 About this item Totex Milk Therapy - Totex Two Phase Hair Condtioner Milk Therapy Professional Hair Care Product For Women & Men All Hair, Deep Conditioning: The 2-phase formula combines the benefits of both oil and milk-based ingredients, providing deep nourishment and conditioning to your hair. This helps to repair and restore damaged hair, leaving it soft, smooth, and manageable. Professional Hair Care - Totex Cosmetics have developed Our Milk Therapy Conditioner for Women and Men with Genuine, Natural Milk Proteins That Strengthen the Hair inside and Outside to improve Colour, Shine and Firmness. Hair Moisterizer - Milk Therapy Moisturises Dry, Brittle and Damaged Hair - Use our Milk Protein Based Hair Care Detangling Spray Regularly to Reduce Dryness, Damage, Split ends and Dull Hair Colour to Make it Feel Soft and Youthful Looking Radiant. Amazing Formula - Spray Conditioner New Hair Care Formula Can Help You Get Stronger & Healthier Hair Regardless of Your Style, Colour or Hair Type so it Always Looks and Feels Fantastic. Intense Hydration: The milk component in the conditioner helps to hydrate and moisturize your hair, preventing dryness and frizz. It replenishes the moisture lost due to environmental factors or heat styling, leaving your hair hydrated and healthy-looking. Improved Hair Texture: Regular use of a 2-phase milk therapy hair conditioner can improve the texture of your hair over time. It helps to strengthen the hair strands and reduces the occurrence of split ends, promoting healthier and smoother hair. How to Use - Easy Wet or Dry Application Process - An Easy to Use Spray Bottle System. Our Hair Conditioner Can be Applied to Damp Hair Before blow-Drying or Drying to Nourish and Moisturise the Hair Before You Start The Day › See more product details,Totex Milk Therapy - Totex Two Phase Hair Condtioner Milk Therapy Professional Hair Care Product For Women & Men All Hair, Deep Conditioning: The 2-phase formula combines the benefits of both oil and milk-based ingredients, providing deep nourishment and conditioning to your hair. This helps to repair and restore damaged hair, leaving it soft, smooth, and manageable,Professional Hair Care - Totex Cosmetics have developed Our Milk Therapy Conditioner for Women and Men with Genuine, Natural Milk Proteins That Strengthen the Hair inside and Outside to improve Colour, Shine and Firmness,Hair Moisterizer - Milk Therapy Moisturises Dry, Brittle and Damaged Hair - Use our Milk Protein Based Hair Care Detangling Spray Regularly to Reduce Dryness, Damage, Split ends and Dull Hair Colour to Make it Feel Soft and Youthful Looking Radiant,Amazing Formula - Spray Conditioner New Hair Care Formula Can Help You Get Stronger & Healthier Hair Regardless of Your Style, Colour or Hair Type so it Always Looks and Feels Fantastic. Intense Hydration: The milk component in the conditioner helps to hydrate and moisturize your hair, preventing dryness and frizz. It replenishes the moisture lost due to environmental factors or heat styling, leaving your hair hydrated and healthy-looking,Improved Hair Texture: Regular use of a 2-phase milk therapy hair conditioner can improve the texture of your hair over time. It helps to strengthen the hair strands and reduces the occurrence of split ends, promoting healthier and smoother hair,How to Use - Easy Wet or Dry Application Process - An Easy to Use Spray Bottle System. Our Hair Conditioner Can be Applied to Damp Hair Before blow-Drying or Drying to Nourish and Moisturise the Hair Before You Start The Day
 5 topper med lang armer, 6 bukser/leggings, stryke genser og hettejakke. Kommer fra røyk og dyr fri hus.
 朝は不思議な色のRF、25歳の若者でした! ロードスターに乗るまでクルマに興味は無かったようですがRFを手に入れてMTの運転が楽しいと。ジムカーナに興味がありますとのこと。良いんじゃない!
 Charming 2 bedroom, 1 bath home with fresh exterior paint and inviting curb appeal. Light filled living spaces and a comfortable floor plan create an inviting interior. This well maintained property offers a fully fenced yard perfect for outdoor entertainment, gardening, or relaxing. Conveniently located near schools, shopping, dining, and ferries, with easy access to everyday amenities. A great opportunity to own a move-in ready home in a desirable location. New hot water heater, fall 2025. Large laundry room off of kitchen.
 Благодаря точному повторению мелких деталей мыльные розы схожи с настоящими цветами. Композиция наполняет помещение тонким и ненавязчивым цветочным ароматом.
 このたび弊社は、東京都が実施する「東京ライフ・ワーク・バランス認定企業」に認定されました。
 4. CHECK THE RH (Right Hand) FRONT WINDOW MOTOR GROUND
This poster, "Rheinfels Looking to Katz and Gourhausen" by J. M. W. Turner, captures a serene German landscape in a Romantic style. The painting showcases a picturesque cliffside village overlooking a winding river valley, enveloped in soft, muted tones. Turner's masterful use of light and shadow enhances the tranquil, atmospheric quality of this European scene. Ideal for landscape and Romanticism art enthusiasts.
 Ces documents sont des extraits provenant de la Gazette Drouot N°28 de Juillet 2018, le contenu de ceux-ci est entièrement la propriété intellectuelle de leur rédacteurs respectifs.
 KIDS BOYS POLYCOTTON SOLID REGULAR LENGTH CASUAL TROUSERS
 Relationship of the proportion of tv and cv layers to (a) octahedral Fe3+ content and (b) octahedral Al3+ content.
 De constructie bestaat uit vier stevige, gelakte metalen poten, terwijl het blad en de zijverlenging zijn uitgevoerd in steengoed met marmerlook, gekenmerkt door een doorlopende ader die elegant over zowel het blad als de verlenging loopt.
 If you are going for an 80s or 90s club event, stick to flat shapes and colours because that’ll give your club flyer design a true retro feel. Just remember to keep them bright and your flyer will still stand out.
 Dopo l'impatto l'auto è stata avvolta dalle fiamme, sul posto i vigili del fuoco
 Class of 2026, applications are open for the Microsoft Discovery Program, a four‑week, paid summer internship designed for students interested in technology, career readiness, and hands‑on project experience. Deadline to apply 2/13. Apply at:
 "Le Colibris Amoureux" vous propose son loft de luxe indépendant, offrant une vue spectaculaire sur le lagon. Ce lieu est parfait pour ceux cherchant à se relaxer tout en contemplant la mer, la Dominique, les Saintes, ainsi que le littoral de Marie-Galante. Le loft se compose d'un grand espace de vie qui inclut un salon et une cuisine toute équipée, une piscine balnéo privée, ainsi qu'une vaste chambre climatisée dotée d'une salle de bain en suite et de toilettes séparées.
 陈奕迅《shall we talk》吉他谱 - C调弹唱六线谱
::::::::
# [ASSIGNED TASK]
Word for word, set down all of the records above.

# [ANSWER BELOW]
 About this item Totex Milk Therapy - Totex Two Phase Hair Condtioner Milk Therapy Professional Hair Care Product For Women & Men All Hair, Deep Conditioning: The 2-phase formula combines the benefits of both oil and milk-based ingredients, providing deep nourishment and conditioning to your hair. This helps to repair and restore damaged hair, leaving it soft, smooth, and manageable. Professional Hair Care - Totex Cosmetics have developed Our Milk Therapy Conditioner for Women and Men with Genuine, Natural Milk Proteins That Strengthen the Hair inside and Outside to improve Colour, Shine and Firmness. Hair Moisterizer - Milk Therapy Moisturises Dry, Brittle and Damaged Hair - Use our Milk Protein Based Hair Care Detangling Spray Regularly to Reduce Dryness, Damage, Split ends and Dull Hair Colour to Make it Feel Soft and Youthful Looking Radiant. Amazing Formula - Spray Conditioner New Hair Care Formula Can Help You Get Stronger & Healthier Hair Regardless of Your Style, Colour or Hair Type so it Always Looks and Feels Fantastic. Intense Hydration: The milk component in the conditioner helps to hydrate and moisturize your hair, preventing dryness and frizz. It replenishes the moisture lost due to environmental factors or heat styling, leaving your hair hydrated and healthy-looking. Improved Hair Texture: Regular use of a 2-phase milk therapy hair conditioner can improve the texture of your hair over time. It helps to strengthen the hair strands and reduces the occurrence of split ends, promoting healthier and smoother hair. How to Use - Easy Wet or Dry Application Process - An Easy to Use Spray Bottle System. Our Hair Conditioner Can be Applied to Damp Hair Before blow-Drying or Drying to Nourish and Moisturise the Hair Before You Start The Day › See more product details,Totex Milk Therapy - Totex Two Phase Hair Condtioner Milk Therapy Professional Hair Care Product For Women & Men All Hair, Deep Conditioning: The 2-phase formula combines the benefits of both oil and milk-based ingredients, providing deep nourishment and conditioning to your hair. This helps to repair and restore damaged hair, leaving it soft, smooth, and manageable,Professional Hair Care - Totex Cosmetics have developed Our Milk Therapy Conditioner for Women and Men with Genuine, Natural Milk Proteins That Strengthen the Hair inside and Outside to improve Colour, Shine and Firmness,Hair Moisterizer - Milk Therapy Moisturises Dry, Brittle and Damaged Hair - Use our Milk Protein Based Hair Care Detangling Spray Regularly to Reduce Dryness, Damage, Split ends and Dull Hair Colour to Make it Feel Soft and Youthful Looking Radiant,Amazing Formula - Spray Conditioner New Hair Care Formula Can Help You Get Stronger & Healthier Hair Regardless of Your Style, Colour or Hair Type so it Always Looks and Feels Fantastic. Intense Hydration: The milk component in the conditioner helps to hydrate and moisturize your hair, preventing dryness and frizz. It replenishes the moisture lost due to environmental factors or heat styling, leaving your hair hydrated and healthy-looking,Improved Hair Texture: Regular use of a 2-phase milk therapy hair conditioner can improve the texture of your hair over time. It helps to strengthen the hair strands and reduces the occurrence of split ends, promoting healthier and smoother hair,How to Use - Easy Wet or Dry Application Process - An Easy to Use Spray Bottle System. Our Hair Conditioner Can be Applied to Damp Hair Before blow-Drying or Drying to Nourish and Moisturise the Hair Before You Start The Day
 5 topper med lang armer, 6 bukser/leggings, stryke genser og hettejakke. Kommer fra røyk og dyr fri hus.
 朝は不思議な色のRF、25歳の若者でした! ロードスターに乗るまでクルマに興味は無かったようですがRFを手に入れてMTの運転が楽しいと。ジムカーナに興味がありますとのこと。良いんじゃない!
 Charming 2 bedroom, 1 bath home with fresh exterior paint and inviting curb appeal. Light filled living spaces and a comfortable floor plan create an inviting interior. This well maintained property offers a fully fenced yard perfect for outdoor entertainment, gardening, or relaxing. Conveniently located near schools, shopping, dining, and ferries, with easy access to everyday amenities. A great opportunity to own a move-in ready home in a desirable location. New hot water heater, fall 2025. Large laundry room off of kitchen.
 Благодаря точному повторению мелких деталей мыльные розы схожи с настоящими цветами. Композиция наполняет помещение тонким и ненавязчивым цветочным ароматом.
 このたび弊社は、東京都が実施する「東京ライフ・ワーク・バランス認定企業」に認定されました。
 4. CHECK THE RH (Right Hand) FRONT WINDOW MOTOR GROUND
This poster, "Rheinfels Looking to Katz and Gourhausen" by J. M. W. Turner, captures a serene German landscape in a Romantic style. The painting showcases a picturesque cliffside village overlooking a winding river valley, enveloped in soft, muted tones. Turner's masterful use of light and shadow enhances the tranquil, atmospheric quality of this European scene. Ideal for landscape and Romanticism art enthusiasts.
 Ces documents sont des extraits provenant de la Gazette Drouot N°28 de Juillet 2018, le contenu de ceux-ci est entièrement la propriété intellectuelle de leur rédacteurs respectifs.
 KIDS BOYS POLYCOTTON SOLID REGULAR LENGTH CASUAL TROUSERS
 Relationship of the proportion of tv and cv layers to (a) octahedral Fe3+ content and (b) octahedral Al3+ content.
 De constructie bestaat uit vier stevige, gelakte metalen poten, terwijl het blad en de zijverlenging zijn uitgevoerd in steengoed met marmerlook, gekenmerkt door een doorlopende ader die elegant over zowel het blad als de verlenging loopt.
 If you are going for an 80s or 90s club event, stick to flat shapes and colours because that’ll give your club flyer design a true retro feel. Just remember to keep them bright and your flyer will still stand out.
 Dopo l'impatto l'auto è stata avvolta dalle fiamme, sul posto i vigili del fuoco
 Class of 2026, applications are open for the Microsoft Discovery Program, a four‑week, paid summer internship designed for students interested in technology, career readiness, and hands‑on project experience. Deadline to apply 2/13. Apply at:
 "Le Colibris Amoureux" vous propose son loft de luxe indépendant, offrant une vue spectaculaire sur le lagon. Ce lieu est parfait pour ceux cherchant à se relaxer tout en contemplant la mer, la Dominique, les Saintes, ainsi que le littoral de Marie-Galante. Le loft se compose d'un grand espace de vie qui inclut un salon et une cuisine toute équipée, une piscine balnéo privée, ainsi qu'une vaste chambre climatisée dotée d'une salle de bain en suite et de toilettes séparées.
 陈奕迅《shall we talk》吉他谱 - C调弹唱六线谱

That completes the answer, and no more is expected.